Job checkpoint and restart commands

Commands for submission


Command

Description

bsub -k "checkpoint_dir [checkpoint_period] [method=echkpnt_application]"

  • Specifies a relative or absolute path for the checkpoint directory and makes the job checkpointable.

  • If the specified checkpoint directory does not already exist, LSF creates the checkpoint directory.

  • If a user specifies a checkpoint period (in minutes), LSF creates a checkpoint file every chkpnt_period during job execution.

  • The command-line values for the checkpoint directory and checkpoint period override the values specified for the queue.

  • If a user specifies an echkpnt_application, LSF runs the corresponding restart executable when the job restarts. For example, for bsub -k "my_dir method=fluent" LSF runs echkpnt.fluent at job checkpoint and erestart.fluent at job restart.

  • The command-line value for echkpnt_application overrides the value specified by LSB_ECHKPNT_METHOD in lsf.conf or as an environment variable. Users can override LSB_ECHKPNT_METHOD and use the default checkpoint and restart executables by defining method=default.


Commands to monitor


Command

Description

bacct -l

  • Displays accounting statistics for finished jobs, including termination reasons.
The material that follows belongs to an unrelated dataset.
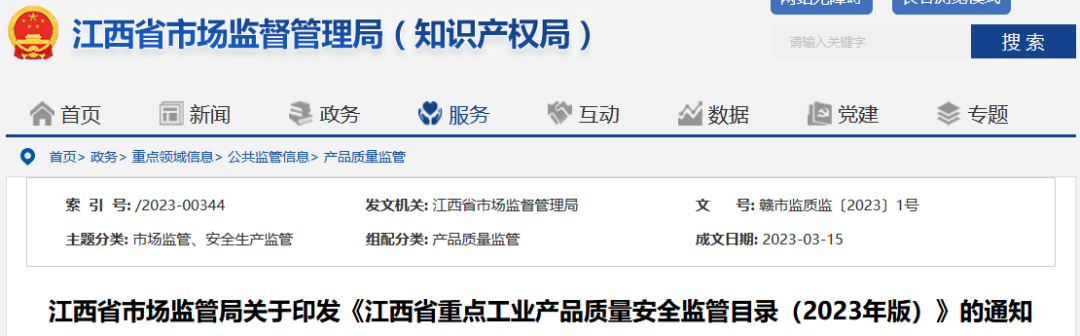 江西省市場監管局關于印發《江西省重點工業產品質量安全監管目錄(2023年版)》的通知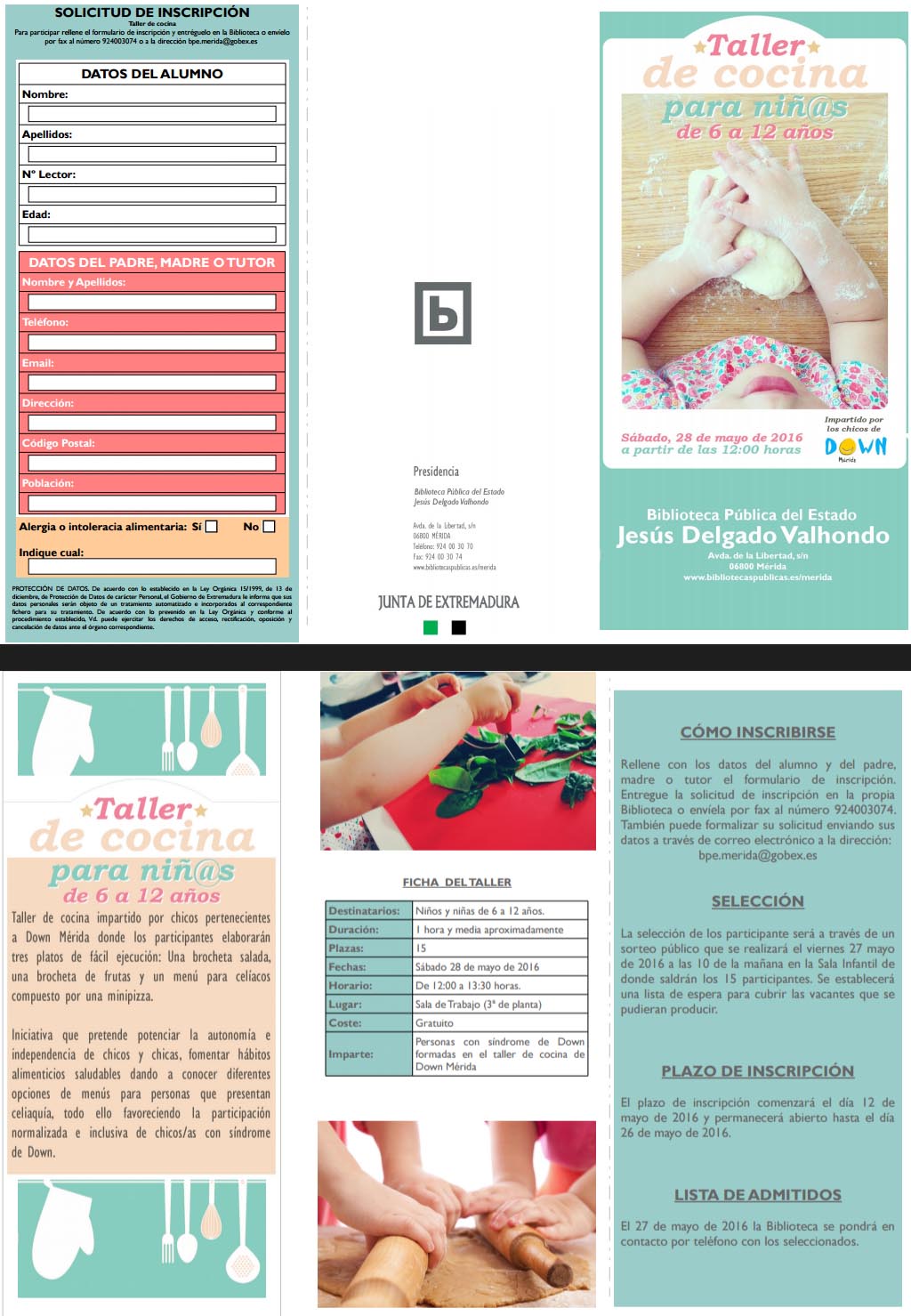 Taller de cocina impartidos por los chicos/as de Down-Mérida, donde se elaborarán tres platos de ejecución sencilla, como son brochetas y minipizzas. Iniciativa con la que se pretende potenciar autonomía e independencia, fomentar hábitos saludables de alimentación, así como la participación normalizada e inclusiva. Toda la información en el tríptico que adjuntamos a continuación.Os esperamos, ¡¡no faltéis!!

TERM_CHKPNT indicates that a job was checkpointed and killed.

  • If JOB_CONTROL is defined for a queue, LSF does not display the result of the action.

bhist -l

  • Displays the actions that LSF took on a completed job, including job checkpoint, restart, and migration to another host.

bjobs -l

  • Displays information about pending, running, and suspended jobs, including the checkpoint directory, the checkpoint period, and the checkpoint method (either application or default).


Commands to control


Command

Description

bmod -k "checkpoint_dir [checkpoint_period] [method=echkpnt_application]"

  • Resubmits a job and changes the checkpoint directory, checkpoint period, and the checkpoint and restart executables associated with the job.

bmod -kn

  • Dissociates the checkpoint directory from a job, which makes the job no longer checkpointable.

bchkpnt

  • Checkpoints the most recently submitted checkpointable job. Users can specify particular jobs to checkpoint by including various bchkpnt options.

bchkpnt -p checkpoint_period job_ID

  • Checkpoints a job immediately and changes the checkpoint period for the job.

bchkpnt -k job_ID

  • Checkpoints a job immediately and kills the job.

bchkpnt -p 0 job_ID

  • Checkpoints a job immediately and disables periodic checkpointing.

brestart

  • Restarts a checkpointed job on the first available host.

brestart -m

  • Restarts a checkpointed job on the specified host or host group.

bmig

  • Migrates one or more running jobs from one host to another. The jobs must be checkpointable or rerunnable.

  • Checkpoints, kills, and restarts one or more checkpointable jobs.


Commands to display configuration


Command

Description

bqueues -l

  • Displays information about queues configured in lsb.queues, including the values defined for checkpoint directory and checkpoint period.
    Note:

    The bqueues command displays the checkpoint period in seconds; the lsb.queues CHKPNT parameter defines the checkpoint period in minutes.

badmin showconf

  • Displays all configured parameters and their values set in lsf.conf or ego.conf that affect mbatchd and sbatchd.

    Use a text editor to view other parameters in the lsf.conf or ego.conf configuration files.

  • In a MultiCluster environment, displays the parameters of daemons on the local cluster.